4. Handle the result
applePayCompleted returns a PBLPaymentResult. Handle all three cases.
func handlePaymentResult(result: PBLPaymentResult) {
switch result {
case .completed:
// Payment successful — update order status
break
case .canceled:
// User dismissed the Apple Pay sheet
break
case .failed:
// Payment failed — inspect the result for the error code
break
}
}Testing
Use the sandbox environment (.sandbox) with your sandbox Apple Merchant ID. Set up a sandbox tester Apple ID and add Apple's test cards to Wallet following Apple Pay sandbox testing.

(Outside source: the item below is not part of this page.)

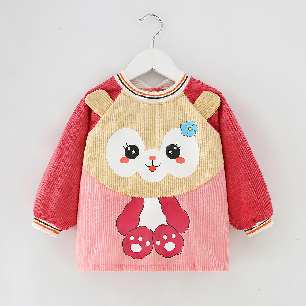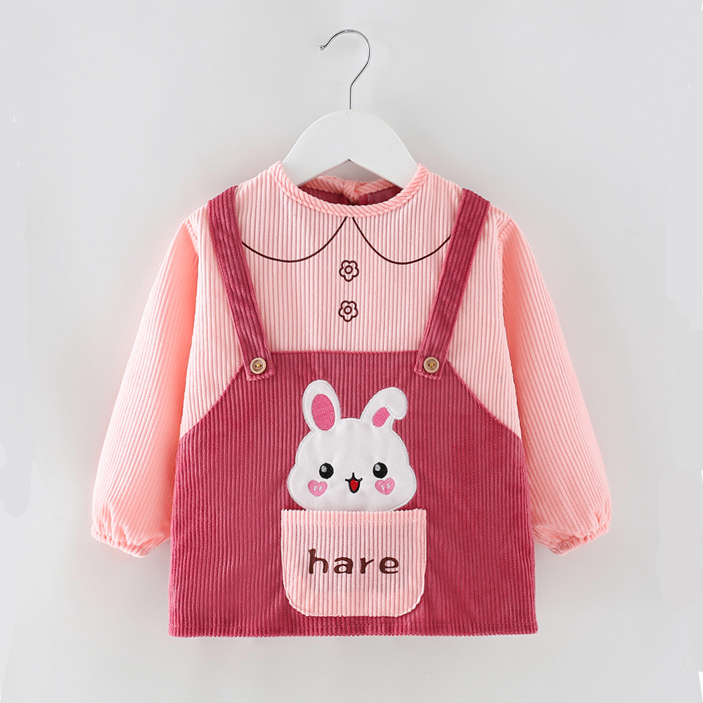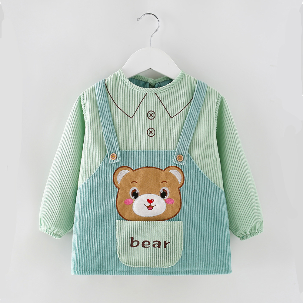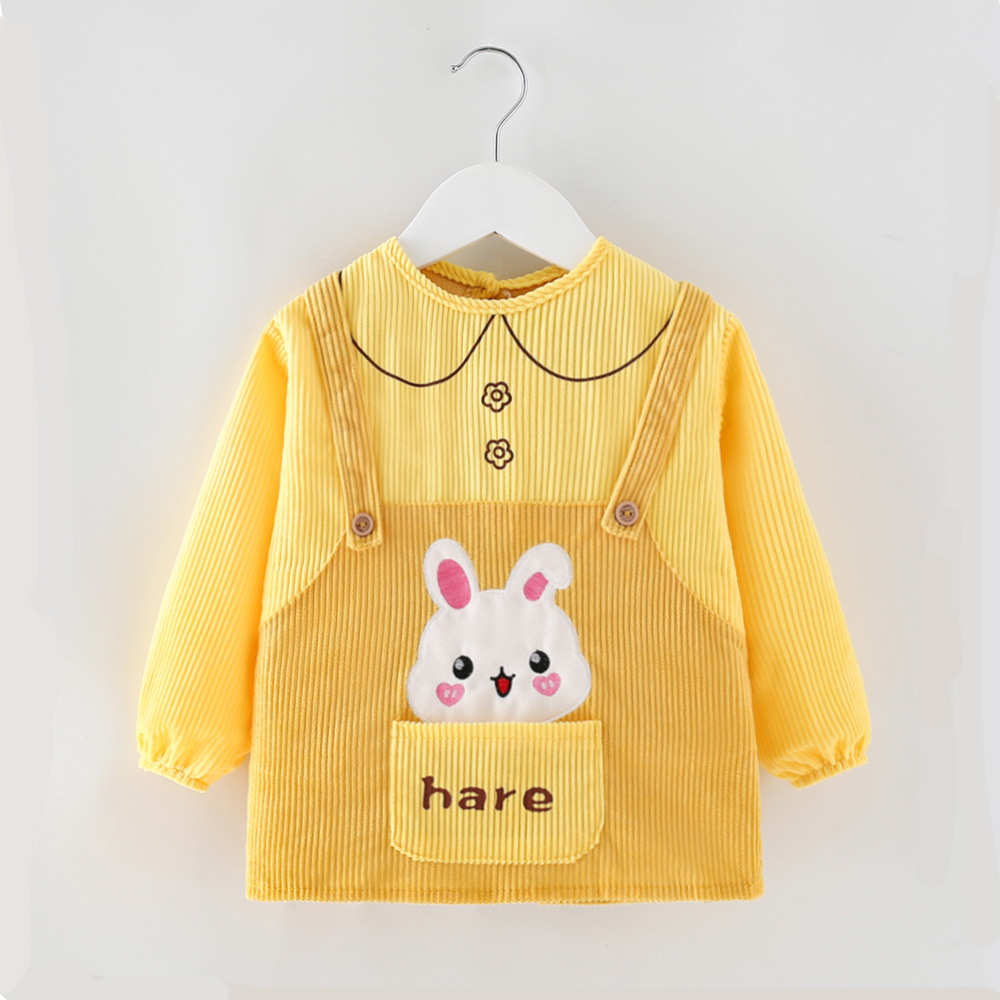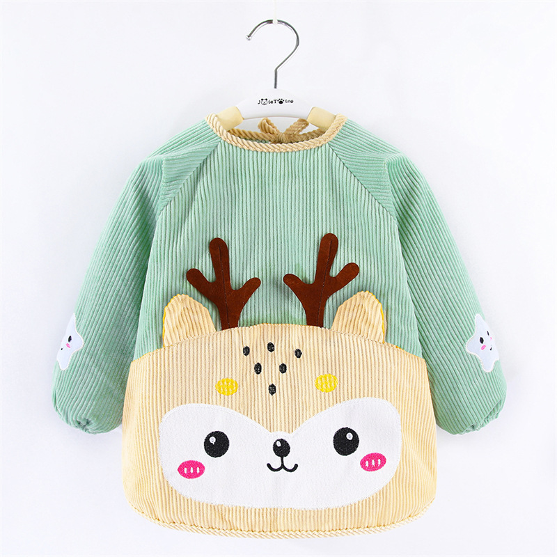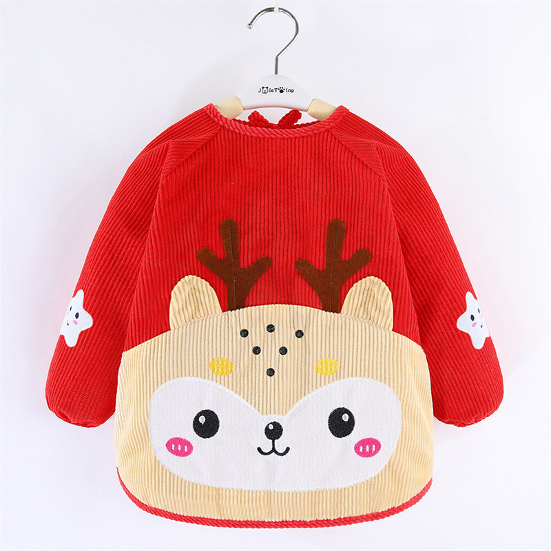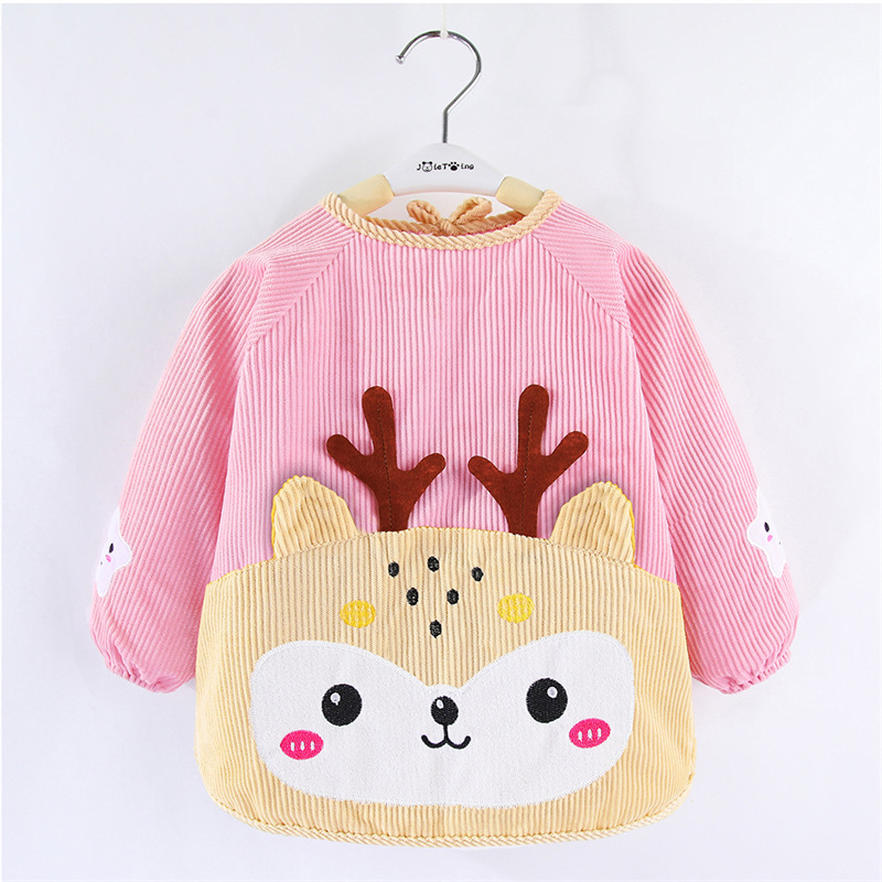 儿童罩衣秋冬长袖灯芯绒防水防脏外穿宝宝护衣婴儿围兜吃饭反穿衣

For test data across all payment methods, see Testing.
Common issues
| Issue | Cause & resolution |
|---|---|
| Apple Pay button doesn't appear | Apple Pay capability not enabled in Xcode, no Merchant ID selected, or no card available in Wallet on the device. |
| Sheet opens but payment fails | Certificate exchange incomplete for this environment, appleMerchantId doesn't match the configured Merchant ID, or country missing from /mobile/init. See Setup Your Server. |
| Works in sandbox, fails in production | Production certificate exchange not completed — sandbox and production require separate CSRs and Merchant IDs. |
| Payment fails after some months in production | Payment Processing Certificates expire — renew via a fresh certificate exchange before expiry. |
When something goes wrong, see Error Handling & Troubleshooting.